John Bancroft, director of the Indiana University sex research institute that bears Kinsey’s name, maintains that the institute “has never carried out sexual experiments on children, either during Alfred Kinsey’s time as director or since.”

He has acknowledged, however, that the data on “speed of orgasm” and other details in Tables 31-34 of Kinsey’s 1948 book could only have been collected through illegal activity. In a 1998 paper by Bancroft called “Kinsey and Children,” he says the information “came from the carefully documented records of one man.” Kinsey referred to the man as “Mr. Green,” a pedophile who kept meticulous records of the 800 boys he molested between 1917 and 1948.

Reisman maintains, however, that the 1998 British documentary film “Kinsey’s Paedophiles,” which has never been shown in the U.S., documented that Kinsey solicited information from and directed the data gathering of many pedophiles.

Neeson’s office has contacted the Kinsey Institute to help the actor research Kinsey’s life, according to Indiana University’s Daily Student newspaper. Reisman, author of “Kinsey: Crimes & Consequences,” says the actor’s associates also asked for a copy of the British documentary.

Leonard confirmed that the filmmakers are talking to the Kinsey Institute.

“There is lots of wonderful information they are making available,” she said. “I’m certainly using information from the Kinsey Institute website as background for publicity.”

A source on the movie said: “You wouldn’t expect an actor to play Shakespeare without reading the plays, so Liam can hardly go into this film without absorbing Kinsey’s work,” reported the British tabloid The People. “It’s all part and parcel of the meticulous way Liam likes to approach his work.”

‘Good classical story’

Leonard contended that Reisman and her supporters “have a misconceived idea about who Kinsey was and what he did.”

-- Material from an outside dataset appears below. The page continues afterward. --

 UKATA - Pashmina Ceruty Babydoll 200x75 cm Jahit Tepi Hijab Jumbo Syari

She says the film will be “a lighthearted look at his life, shown in an entertaining way.”

“He’s a very charismatic figure from American history,” Leonard said.

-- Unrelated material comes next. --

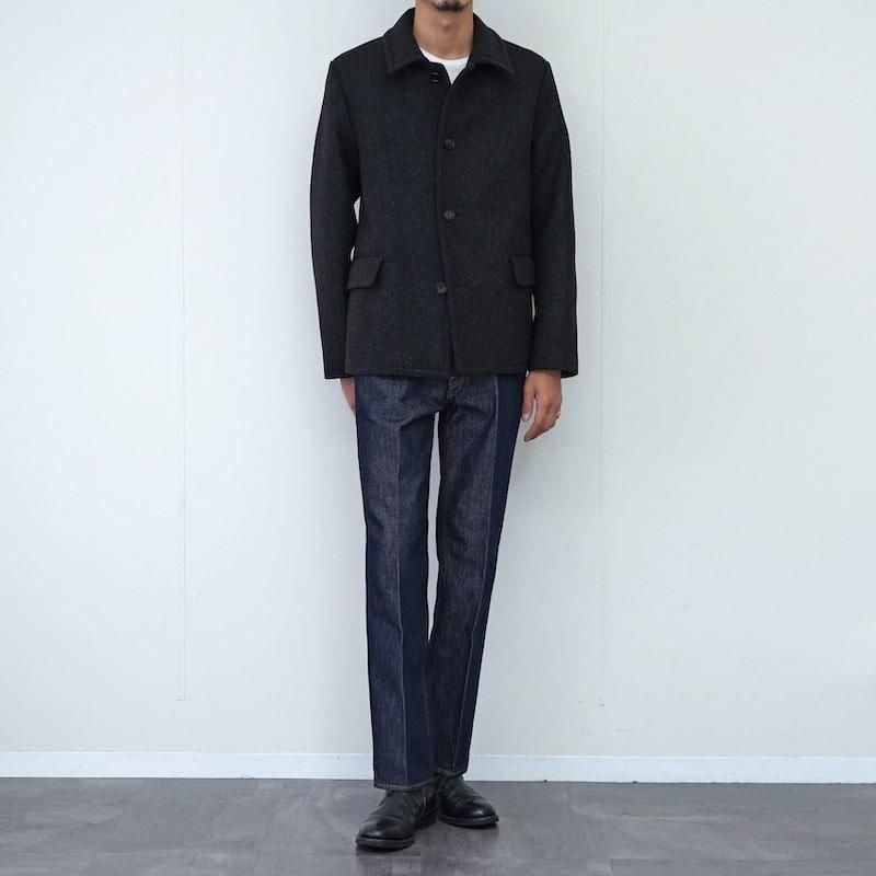 英国羊毛のシェットランドウールをブレンドしたTOP糸を原料に使用し、二重織組織でしっかりと高密度に織り上げた素材です。 シェットランドウール特有のシャリ感と温かみのある質感に加え、クラシックで重厚感のある雰囲気を兼ね備えています。 クラシックとモダンが共存した、どこかクリーンで都会的な雰囲気。 新鮮なスリムフィットは、着たときのラインも綺麗に。美しいシルエットを演出。 ミニマルなディテールで、素材の迫力が際立つ仕上がりです。 【バイヤーズコメント】 新しいシルエットのアウター。コンサバな雰囲気が新鮮です。 加工なしの綺麗なデニムで合わせてもよし、ユーズドライクなデニムとコーディネートの濃淡を 楽しむのもよいかと。もちろんスラックスで。 モデル身長184cm 体重64kg 着用サイズ4 SIZE(cm) 3:着丈71 肩幅44 身幅51.5 袖丈64 4:着丈72.5 肩幅45.5 身幅53.5 袖丈65.5 QUALITY WOOL100%

Rock said the script is “very factually” oriented.

“It’s a very well-written script,” he said. “It shows all the scorn he went through doing some things totally unusual for his time, and now he’s considered the man who inspired the sexual revolution.”

He added: “Even if it were a piece of fiction, it would be a good classical story of a man ahead of his time.”

Condon said in an interview published by E! online last year that he hopes “it’s one of those movies that speaks about things.”

“It does feel like it’s time to remind people of Kinsey’s ideas, which I think are liberating,” Condon said. “I hope there’s an exhilarating feeling you get when you come out of the theater.”

However, Reisman sent an open letter to Neeson last fall, warning him that the film will place him in “a hideously inaccurate role, much like playing the monster Mengele as a mere controversial figure.”

Schlessinger’s website published a letter to Neeson from a woman named Wendy, who wrote: “I believe strongly in the freedom of speech and the freedom of artistic expression, but I don’t believe that anyone has the right to hurt innocent babies and children. All I can ask is that you remain true to yourself and your fans and only do this movie if it tells the whole story. There are evil men in this world and anyone has the right to tell the story about their lives – just tell the whole truth.”

A writer named Julianne said to the actor, “I respect your talent; I’ve always thought you had integrity as an actor; and I was thinking, ‘Man! I’m glad to see that somebody like Neeson is going to expose that old charlatan Kinsey for what he was.’ So – oh, boy – I was more than a little discouraged when I read a little further and realized that what’s motivating your writer/director Bill Condon is his enthusiasm for ‘Kinsey’s liberating ideas.’”

Film’s distributor not determined

Variety magazine, considered the “bible of the entertainment industry,” reported in October that the Kinsey film would be distributed in the U.S. through MGM/United Artists.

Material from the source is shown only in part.